On retiendra tout d’abord du 6 janvier ces images d’un Capitole assiégé par les plus irréductibles des « trumpistes » qui, survoltés par un Président ne se résignant pas à sa défaite, ont durant quelques heures monopolisé l’attention de la planète médiatique, faisant trembler le processus de certification du vote de novembre 2020.
Donald Trump, par son jusqu’au boutisme, s’est littéralement « bunkerisé » dans une stratégie dévastatrice.
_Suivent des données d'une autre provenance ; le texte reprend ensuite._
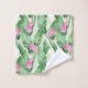 Hojas tropicales verdes y flores de anturio rosado decoran esta cortina de ducha, un bonito acento para la decoración de tu baño. COINCIDIENDO elementos de nuestra colección.
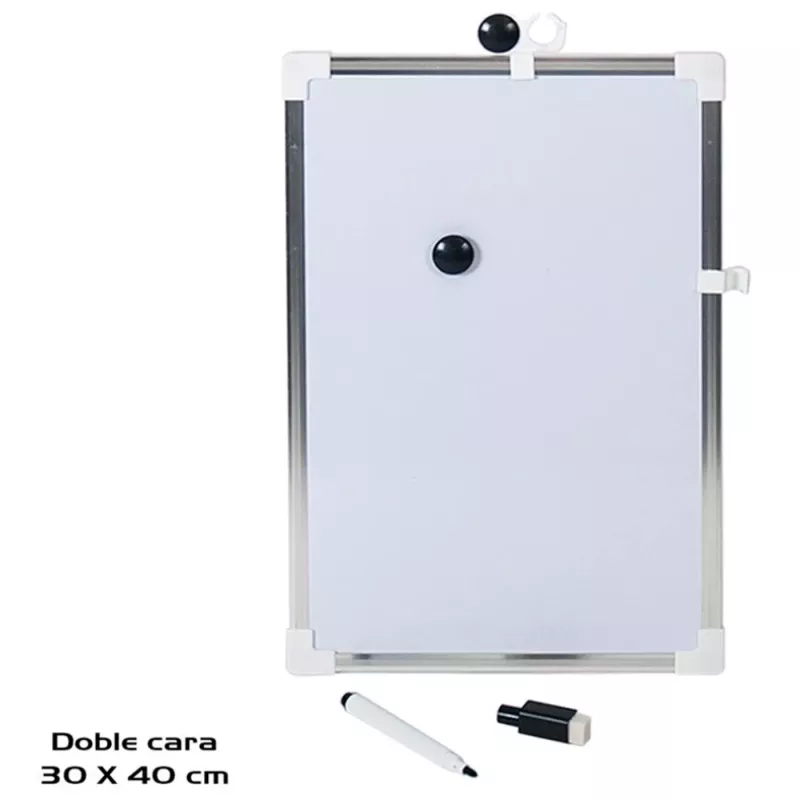 La Tradineur - Pizarra Magnética de doble cara es la herramienta perfecta para mantener tus ideas, notas y mensajes organizados de forma práctica y visual. Con un diseño funcional y versátil, esta pizarra de 40 x 30 cm cuenta con un marco de aluminio resistente que garantiza durabilidad y un estilo moderno que se adapta a cualquier ambiente.
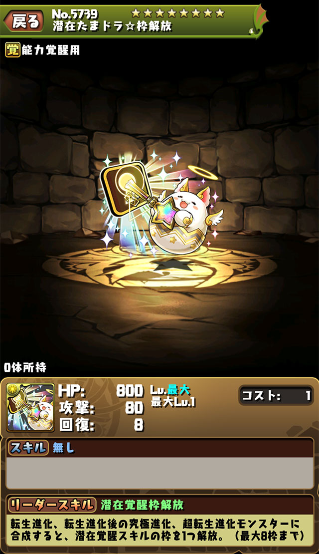新たに登場するモンスター「潜在たまドラ☆枠解放」を合成することで、7枠目、8枠目の潜在覚醒スキル枠を解放することが可能となります。
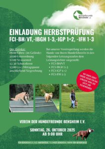 Am Sonntag den 26. Oktober 2025 findet ab 9 Uhr auf dem Gelände des VdH Bensheim unsere Herbstprüfung statt.

Il a ignoré le principe de réalité qui est celui d’institutions fortes comme le sont celles de la démocratie américaine, surestimé cette force éruptive de convictions qui l’avait conduit à la Maison-Blanche en 2016 et permis de lever plus de 74 millions de voix lors du dernier scrutin et négligé enfin ses soutiens les plus proches qui n’étaient pas disposés à le suivre dans une démarche suicidaire.
Ce faisant, il a apporté de l’eau au moulin de ses plus féroces adversaires qui ne rêvaient pas meilleure opportunité pour liquider sa marque mais également pour effacer l’espace d’une soirée les racines de son ascension. L’imbécilité du coup tactique de Trump, voulant imposer un rapport de forces digne d’une République pré-démocratique, aura dilapidé son capital politique, définitivement réduit à néant ses marges de manœuvres pour un éventuel rebond personnel et assombri par la tragi-comédie de la situation un bilan loin d’être négatif. Il a crédité non seulement l’image d’un mauvais perdant mais celle d’un apprenti « dictateur », ce qui au demeurant pour ce dernier terme est sans doute un mauvais procès. Il a rendu surtout un fort mauvais service à ces millions d’Américains des classes populaires et moyennes qui aspirent à un autre modèle que celui d’une société qui ne les protège qu’insuffisamment, voire parfois pas du tout.
Pour autant, nonobstant cette attitude désastreuse et dangereuse, abondant la fausse idée répétée parfois en boucle sur certaines chaînes d’info en continu d’une tentative de coup d’état, rien ne serait plus vain de considérer que la victoire de Biden renforcée par la bêtise agissante de son prédécesseur solde tout ce qui a fait la dynamique populaire du trumpisme. Le Congrès sous pression physiquement constitue une alerte sévère pour des démocraties qui ne sauraient pas à terme répondre aux aspirations populaires, qui continueraient à les tenir à distance comme l’expression d’une ignorance de citoyens de seconde zone et qui persisteraient à s’enfermer dans une vision ainsi qu’une pratique oligarchique du pouvoir. Faute de refonder le contrat social, c’est l’affrontement qui l’emportera. C’est à ce défi que les démocraties libérales sont désormais confrontées, ramener dans « les champs de la République » pour reprendre le beau mot de Gore Vidal celles et ceux qui ne s’y sentent plus y appartenir.